YOUR TASK: Leave the pictures out and reproduce, exactly, the lines from the one with "5、以上步骤设置完成后会弹出" through the end of the entries below.

Saved entries:
┌──

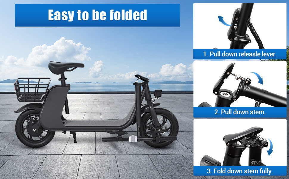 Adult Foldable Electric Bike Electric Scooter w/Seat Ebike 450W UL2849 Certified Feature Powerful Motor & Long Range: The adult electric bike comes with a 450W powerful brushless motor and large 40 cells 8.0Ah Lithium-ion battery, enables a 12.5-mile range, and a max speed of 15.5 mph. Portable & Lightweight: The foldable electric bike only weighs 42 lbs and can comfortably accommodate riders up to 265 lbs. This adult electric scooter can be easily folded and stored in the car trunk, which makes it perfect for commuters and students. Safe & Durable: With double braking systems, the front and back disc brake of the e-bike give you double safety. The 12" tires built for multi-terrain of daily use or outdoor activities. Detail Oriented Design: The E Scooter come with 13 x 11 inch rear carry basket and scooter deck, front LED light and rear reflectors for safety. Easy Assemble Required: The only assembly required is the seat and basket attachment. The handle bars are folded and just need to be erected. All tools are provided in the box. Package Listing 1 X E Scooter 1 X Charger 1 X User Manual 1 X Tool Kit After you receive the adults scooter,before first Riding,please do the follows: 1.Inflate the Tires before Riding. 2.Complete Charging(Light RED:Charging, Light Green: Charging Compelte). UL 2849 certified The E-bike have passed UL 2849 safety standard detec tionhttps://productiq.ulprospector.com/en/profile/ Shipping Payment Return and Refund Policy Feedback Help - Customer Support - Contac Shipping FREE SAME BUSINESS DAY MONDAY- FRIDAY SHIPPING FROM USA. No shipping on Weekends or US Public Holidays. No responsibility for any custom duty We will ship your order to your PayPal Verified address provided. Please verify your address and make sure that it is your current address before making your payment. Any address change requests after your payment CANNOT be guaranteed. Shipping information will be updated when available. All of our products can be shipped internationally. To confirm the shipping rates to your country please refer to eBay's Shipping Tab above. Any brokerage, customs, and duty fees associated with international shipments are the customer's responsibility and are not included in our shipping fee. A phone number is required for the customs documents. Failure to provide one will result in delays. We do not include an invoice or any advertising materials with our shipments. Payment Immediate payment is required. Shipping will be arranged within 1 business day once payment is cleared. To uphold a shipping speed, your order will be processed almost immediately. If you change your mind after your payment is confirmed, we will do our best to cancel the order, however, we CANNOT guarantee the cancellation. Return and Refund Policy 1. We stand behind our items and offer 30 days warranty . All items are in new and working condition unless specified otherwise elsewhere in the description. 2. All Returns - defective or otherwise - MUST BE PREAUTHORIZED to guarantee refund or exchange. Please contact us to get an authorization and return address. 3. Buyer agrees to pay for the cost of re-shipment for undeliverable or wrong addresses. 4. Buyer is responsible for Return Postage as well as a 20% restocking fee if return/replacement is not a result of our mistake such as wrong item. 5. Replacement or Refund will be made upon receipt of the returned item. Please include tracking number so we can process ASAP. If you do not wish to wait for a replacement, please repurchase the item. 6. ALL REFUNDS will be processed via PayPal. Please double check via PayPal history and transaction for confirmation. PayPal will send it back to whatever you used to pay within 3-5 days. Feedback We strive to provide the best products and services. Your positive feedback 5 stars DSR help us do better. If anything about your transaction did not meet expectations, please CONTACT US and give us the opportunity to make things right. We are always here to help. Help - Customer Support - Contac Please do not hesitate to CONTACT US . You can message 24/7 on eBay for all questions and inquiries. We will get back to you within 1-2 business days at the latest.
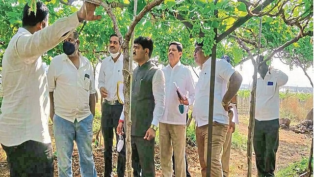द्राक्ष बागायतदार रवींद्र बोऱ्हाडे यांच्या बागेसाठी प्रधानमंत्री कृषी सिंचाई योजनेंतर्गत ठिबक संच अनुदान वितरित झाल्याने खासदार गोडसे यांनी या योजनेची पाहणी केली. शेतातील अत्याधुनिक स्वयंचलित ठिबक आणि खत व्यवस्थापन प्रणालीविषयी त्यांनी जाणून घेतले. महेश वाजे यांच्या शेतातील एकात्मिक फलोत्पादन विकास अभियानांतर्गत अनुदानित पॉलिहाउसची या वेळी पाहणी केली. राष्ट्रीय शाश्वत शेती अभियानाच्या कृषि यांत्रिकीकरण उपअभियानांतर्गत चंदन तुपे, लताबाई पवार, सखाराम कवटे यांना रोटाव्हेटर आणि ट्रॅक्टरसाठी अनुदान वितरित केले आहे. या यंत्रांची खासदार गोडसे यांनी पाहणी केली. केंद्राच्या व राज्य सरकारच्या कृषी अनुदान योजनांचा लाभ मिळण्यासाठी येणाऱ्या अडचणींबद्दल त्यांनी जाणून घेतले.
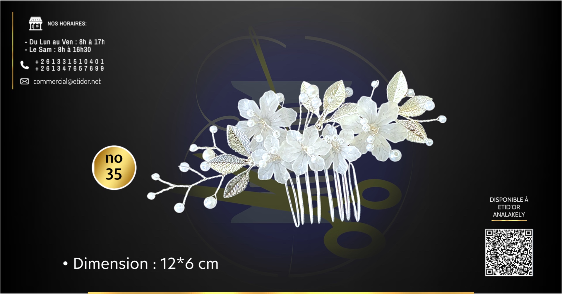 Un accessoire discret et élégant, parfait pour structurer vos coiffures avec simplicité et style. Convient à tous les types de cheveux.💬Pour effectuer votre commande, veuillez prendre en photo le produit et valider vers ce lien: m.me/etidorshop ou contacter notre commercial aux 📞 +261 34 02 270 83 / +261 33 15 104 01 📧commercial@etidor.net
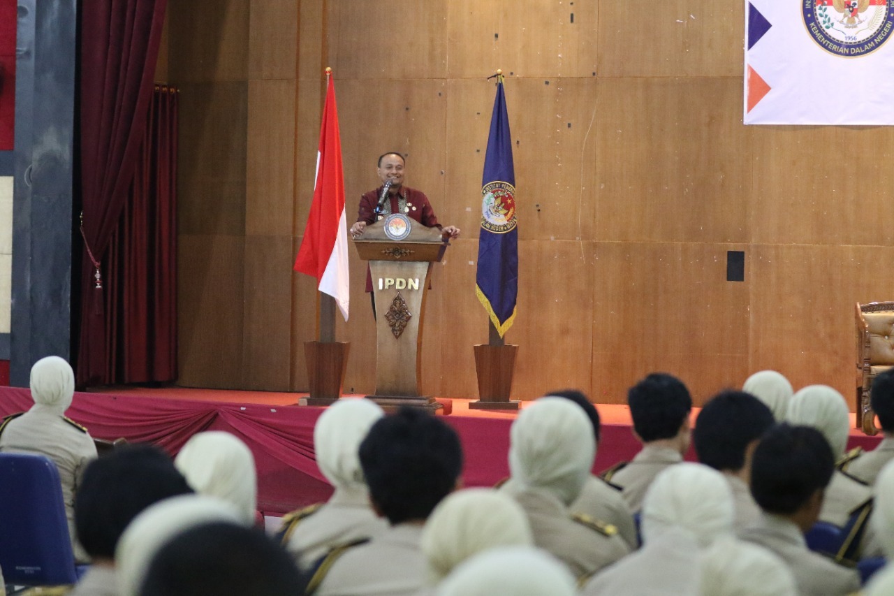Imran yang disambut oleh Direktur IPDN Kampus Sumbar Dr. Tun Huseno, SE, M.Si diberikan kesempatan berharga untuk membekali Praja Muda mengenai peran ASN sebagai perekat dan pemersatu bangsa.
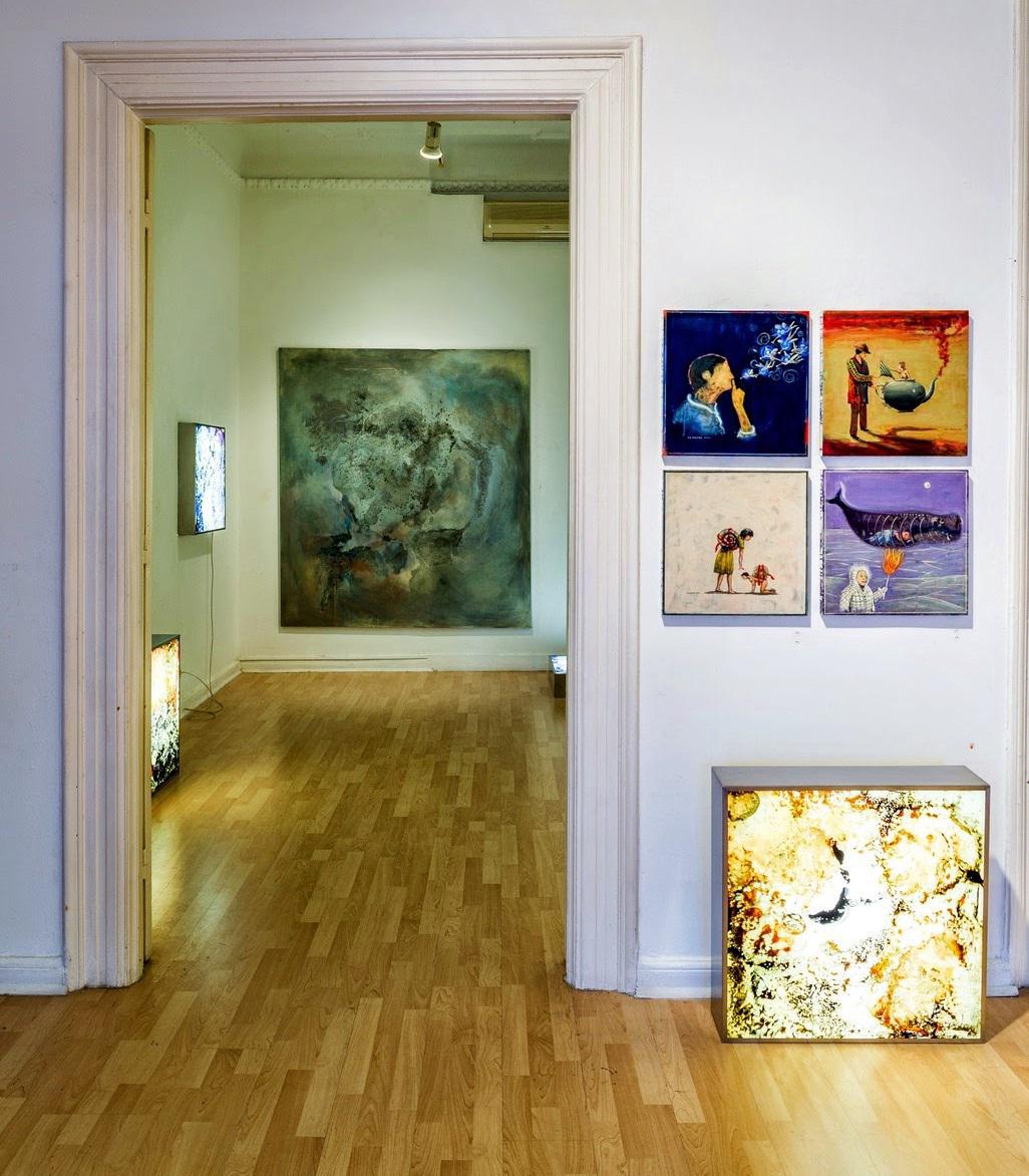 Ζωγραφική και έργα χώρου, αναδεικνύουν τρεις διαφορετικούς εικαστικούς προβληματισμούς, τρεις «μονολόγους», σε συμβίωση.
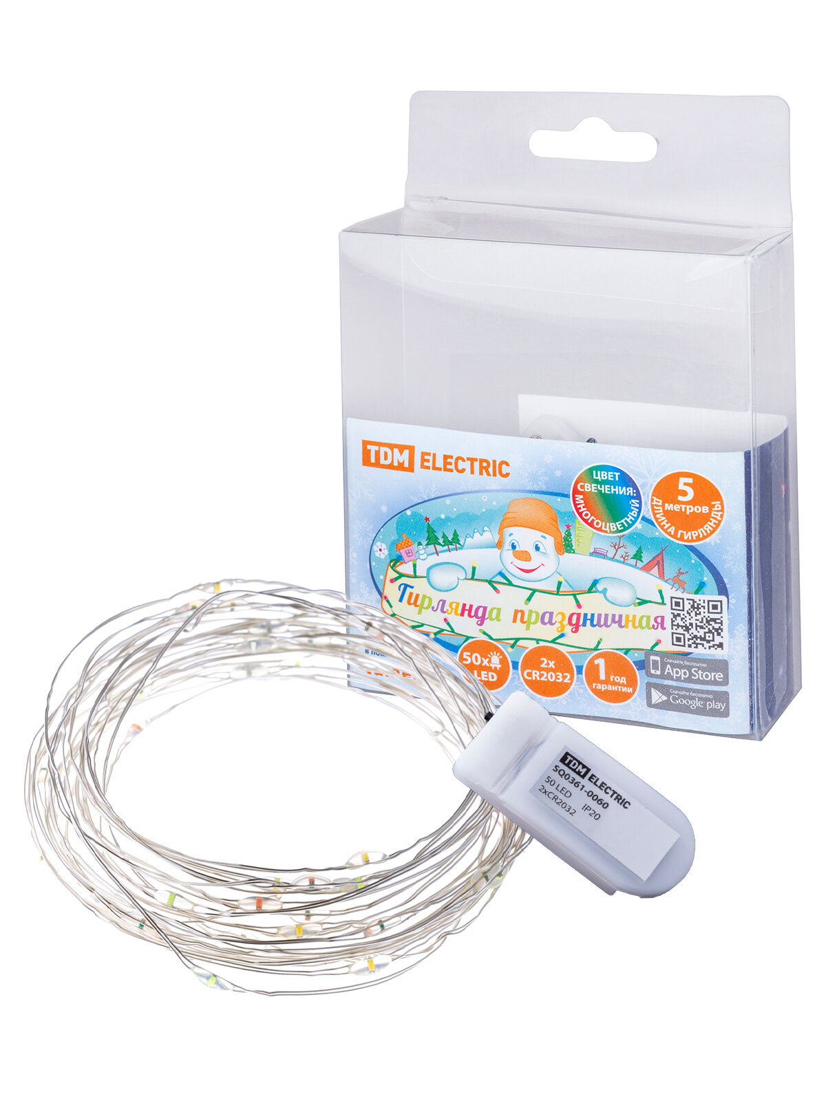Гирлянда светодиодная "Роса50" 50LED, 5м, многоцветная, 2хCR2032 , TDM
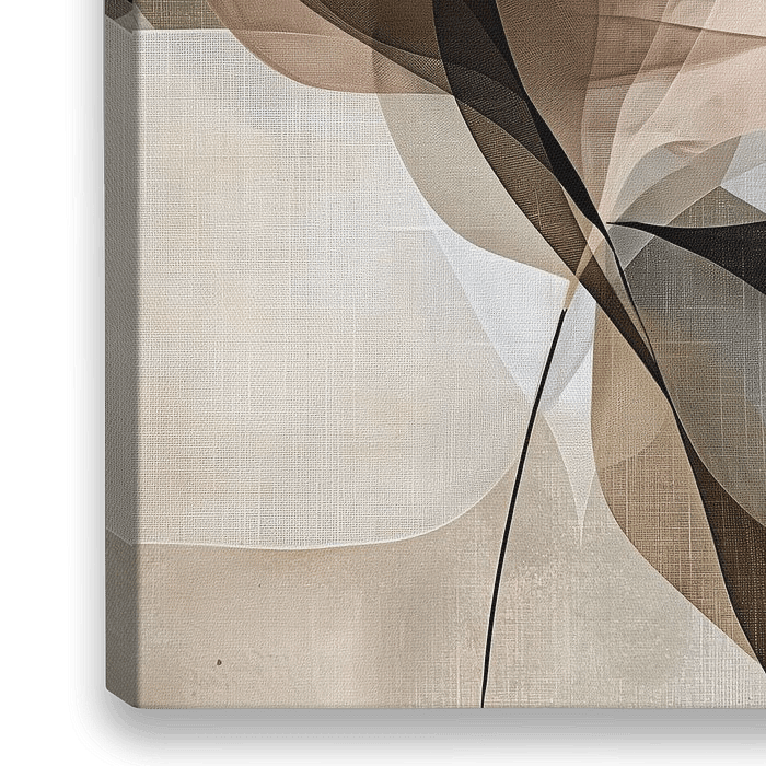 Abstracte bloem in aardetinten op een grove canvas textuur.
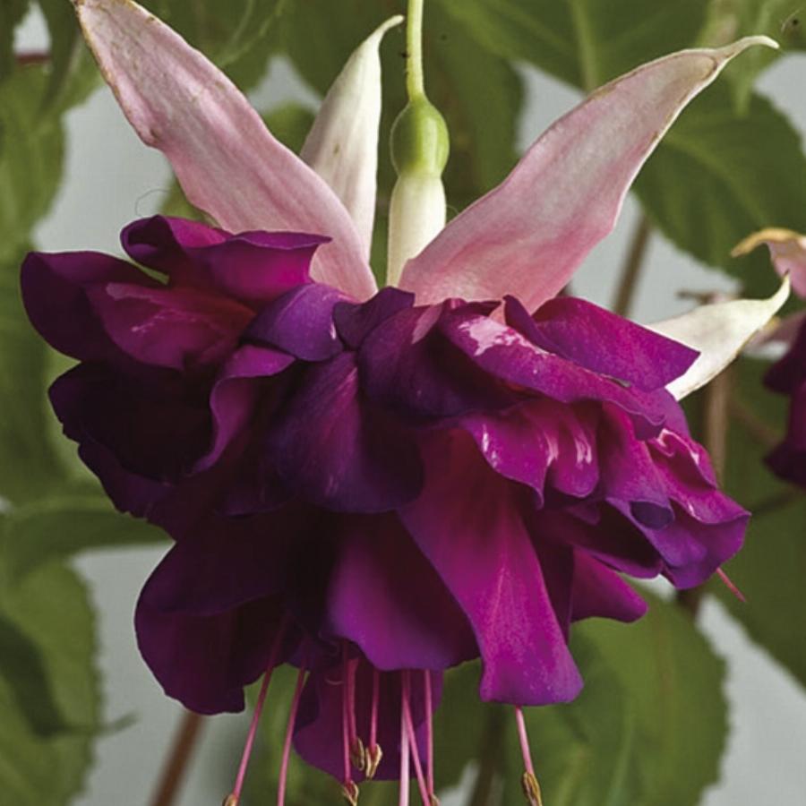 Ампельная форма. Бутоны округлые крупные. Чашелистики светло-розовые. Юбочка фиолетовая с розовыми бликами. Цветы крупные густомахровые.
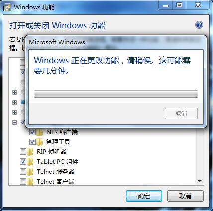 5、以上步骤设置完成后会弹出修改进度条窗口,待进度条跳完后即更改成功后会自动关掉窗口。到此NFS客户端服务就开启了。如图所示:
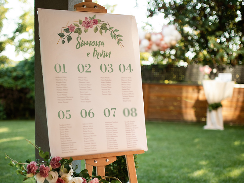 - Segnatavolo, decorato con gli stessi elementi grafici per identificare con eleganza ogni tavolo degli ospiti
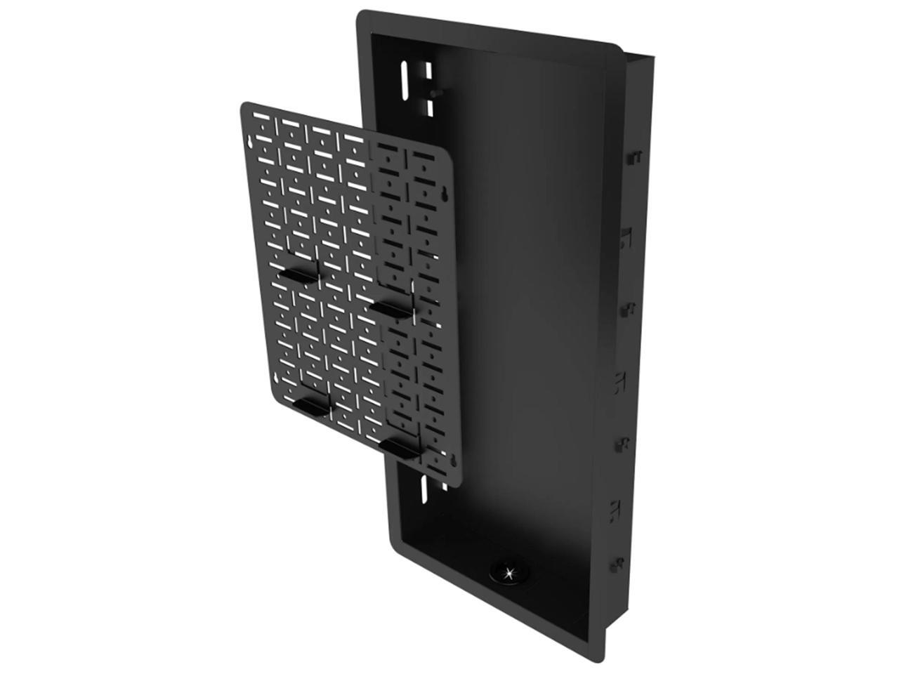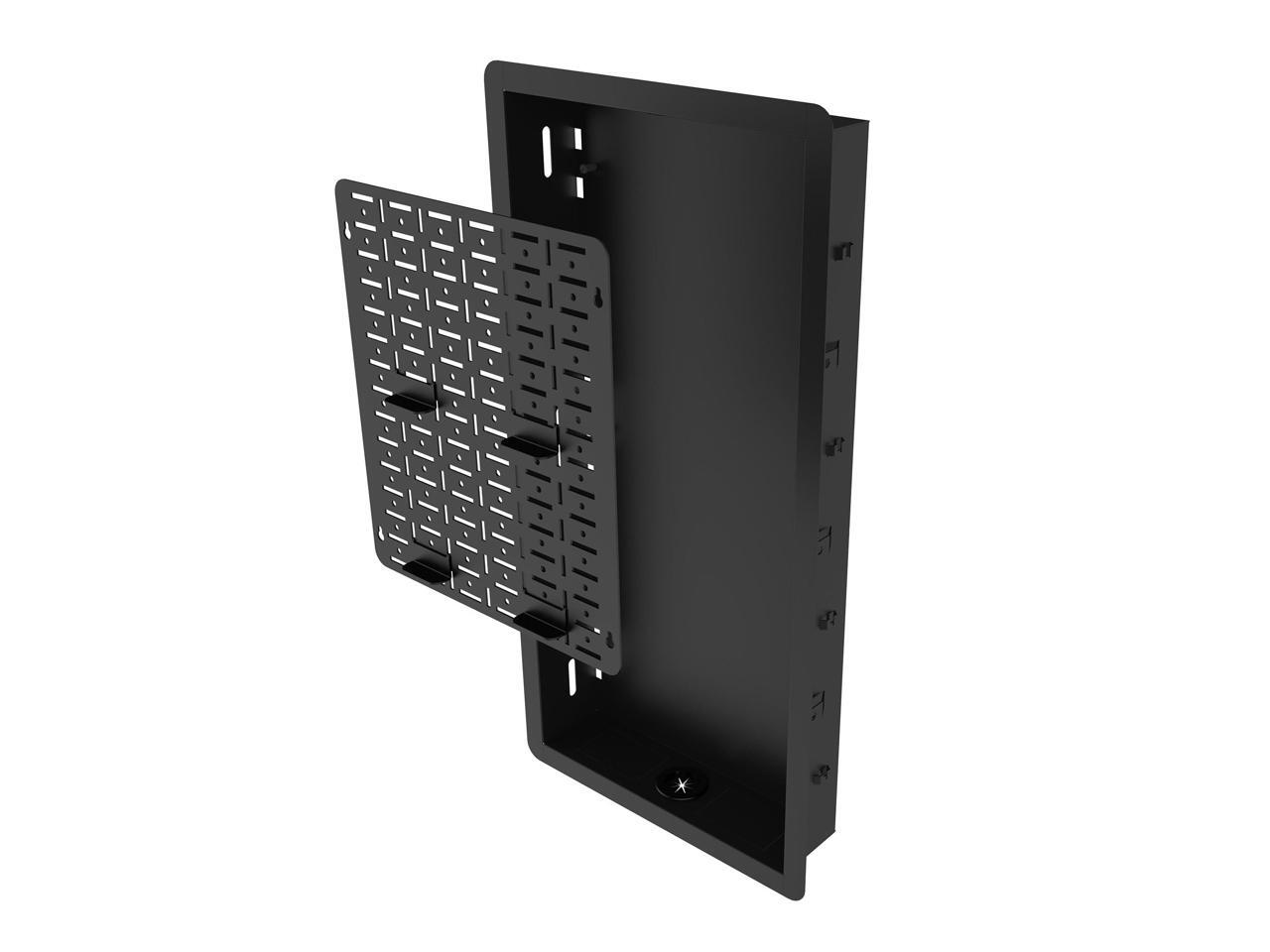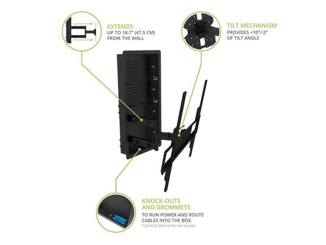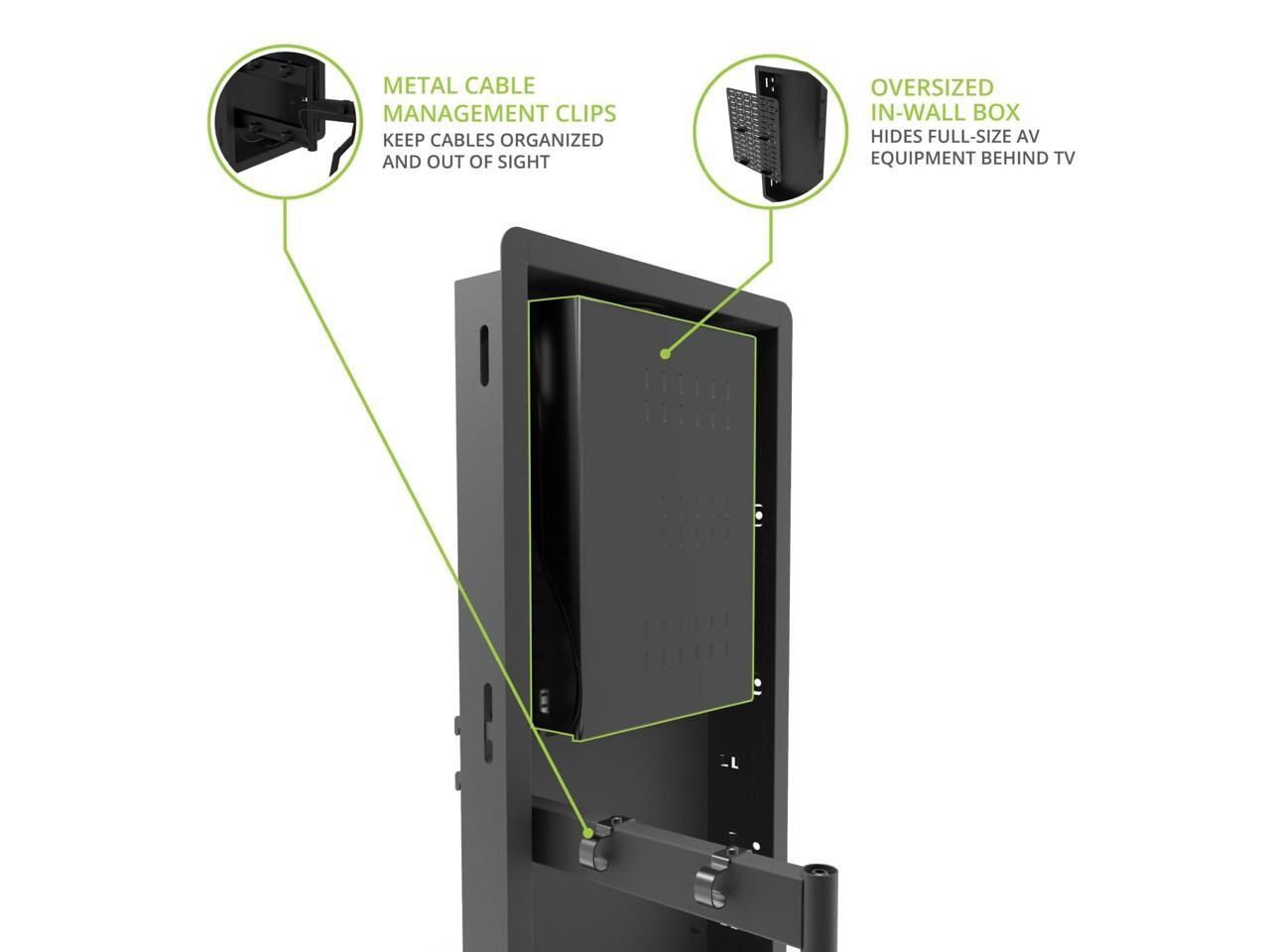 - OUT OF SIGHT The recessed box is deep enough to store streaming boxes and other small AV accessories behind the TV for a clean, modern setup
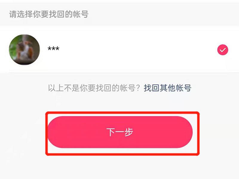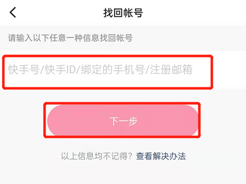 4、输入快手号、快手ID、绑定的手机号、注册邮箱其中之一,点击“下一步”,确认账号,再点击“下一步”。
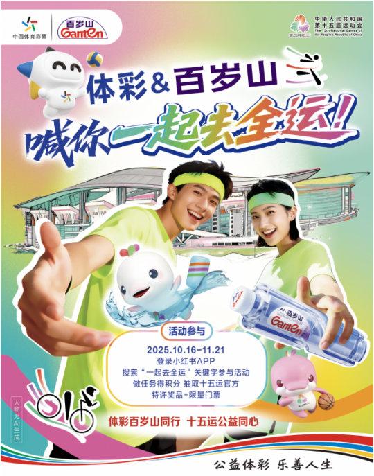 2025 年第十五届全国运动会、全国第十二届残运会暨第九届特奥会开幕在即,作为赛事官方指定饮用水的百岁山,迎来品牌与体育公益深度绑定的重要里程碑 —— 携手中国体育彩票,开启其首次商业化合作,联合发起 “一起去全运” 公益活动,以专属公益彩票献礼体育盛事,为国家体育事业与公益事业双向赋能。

└──

ANSWER SPACE:
 5、以上步骤设置完成后会弹出修改进度条窗口,待进度条跳完后即更改成功后会自动关掉窗口。到此NFS客户端服务就开启了。如图所示:
 - Segnatavolo, decorato con gli stessi elementi grafici per identificare con eleganza ogni tavolo degli ospiti
 - OUT OF SIGHT The recessed box is deep enough to store streaming boxes and other small AV accessories behind the TV for a clean, modern setup
 4、输入快手号、快手ID、绑定的手机号、注册邮箱其中之一,点击“下一步”,确认账号,再点击“下一步”。
 2025 年第十五届全国运动会、全国第十二届残运会暨第九届特奥会开幕在即,作为赛事官方指定饮用水的百岁山,迎来品牌与体育公益深度绑定的重要里程碑 —— 携手中国体育彩票,开启其首次商业化合作,联合发起 “一起去全运” 公益活动,以专属公益彩票献礼体育盛事,为国家体育事业与公益事业双向赋能。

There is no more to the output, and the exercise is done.